The lambda calculus was conceived by Church, and to some extent by Curry (see [1] and [2]), as a general theory of functions, more precisely as a formalization of two basic functional concepts: application and abstraction. This claim to universality was impossible to maintain, for it soon became apparent that functions in the calculus are required to have properties which are by no means universal. Self-application is certainly a very special feature, but more relevant from our point of view is the existence of fixed points, which is definitely a nonuniversal property of functions. This situation was not ignored, but was considered rather as a form of inconsistency very much related to the paradoxes of set theory (for example, see the discussion of the paradoxical combinator in [2]).

More recently, the lambda calculus has been studied by people in computer science, and as a result the algorithmic nature of the system has been more explicitly recognized. Eventually, the right approach was taken by D. Scott (see [4] and [5]) who restricted the objects of the calculus to continuous functionals over complete lattices, which can be combined in structures where application and abstraction are properly interpreted.
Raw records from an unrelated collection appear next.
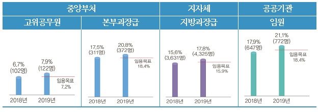 또한 2019년 공공부문 여성 관리자 임용목표를 모든 영역에서 초과 달성했다.
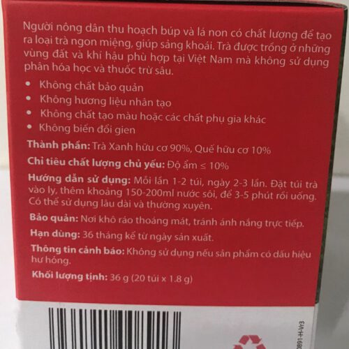 Người nông dân thu hoạch búp và lá non có chất lượng để tạo ra loại trà ngon miệng giúp sảng khoái. Trà được trồng ở những vùng đất và khí hậu phù hợp tại Việt Nam mà không sử dụng phân hóa học và thuốc trừ sâu.
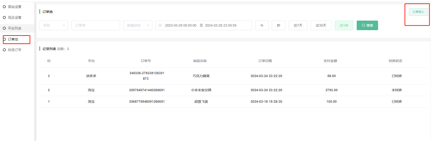 3:转换订单,领取奖励
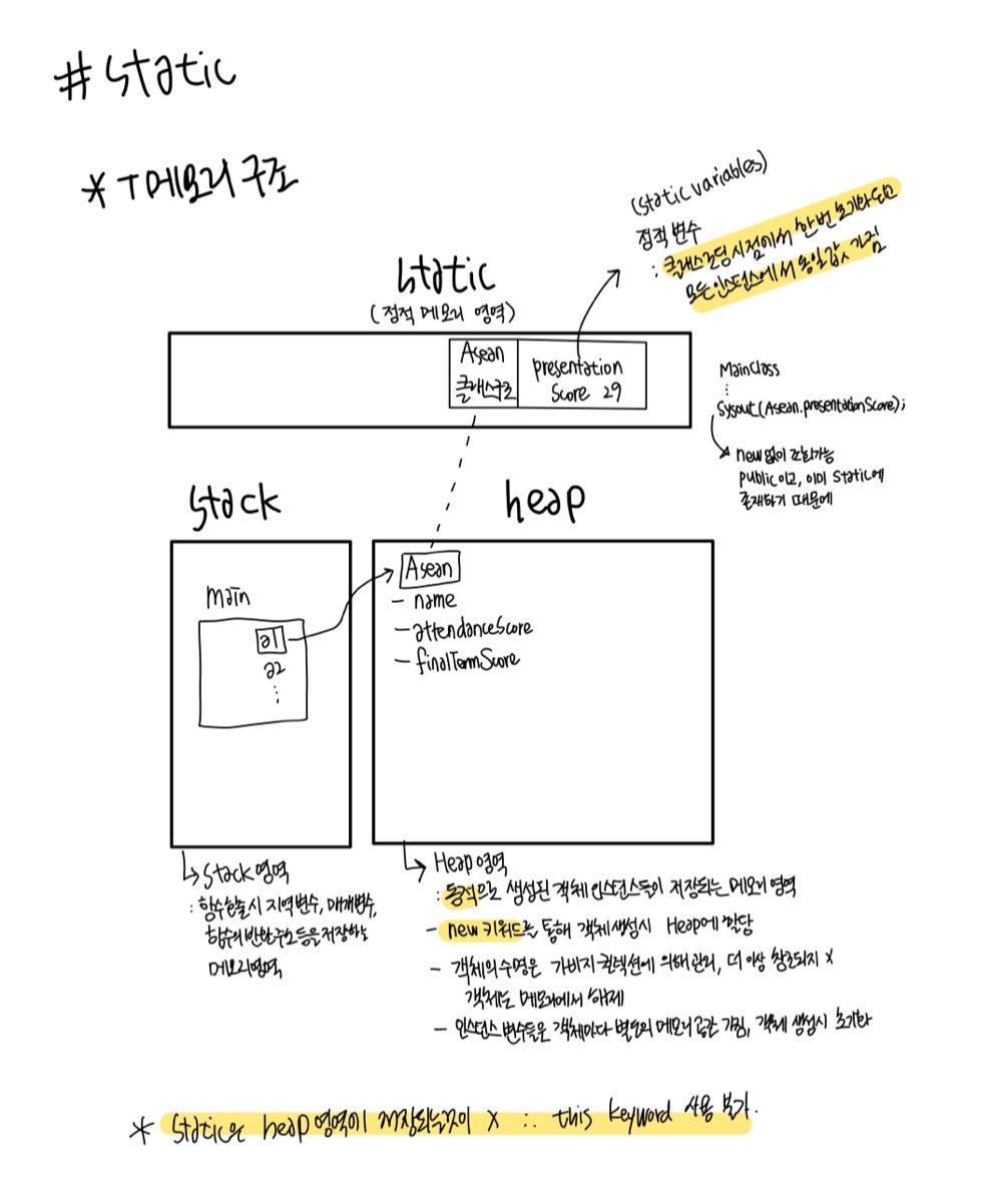 - static 메서드나 변수는 해당 클래스의 객체 없이도 참조 가능하다.
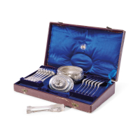 Set including an oval sugar bowl with goat's feet with geometric decoration embossed and chiselled, the lid topped by a rose, together with twelve teaspoons and a sugar tongs, in an original shaped cardboard, velvet and silk case.
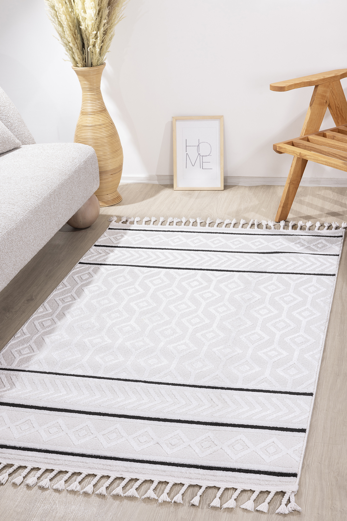 Koza Carpet Malta Scandinavian Cream Black Carpet Living Room Bedroom Hallway Kitchen Machine Rug 33405A 100 x 200

It soon became clear that complete lattices were not necessary, and more general structures were introduced. On the other hand the requirement of continuity was essential for the construction, and has remained a basic feature. It is one of the purposes of this paper to show that in the general situation continuity can be replaced by monotonicity.

The work of Scott was extended by Wadsworth [6], who gave a precise formulation of the operational semantics, and proved the equivalence to Scott's interpretation.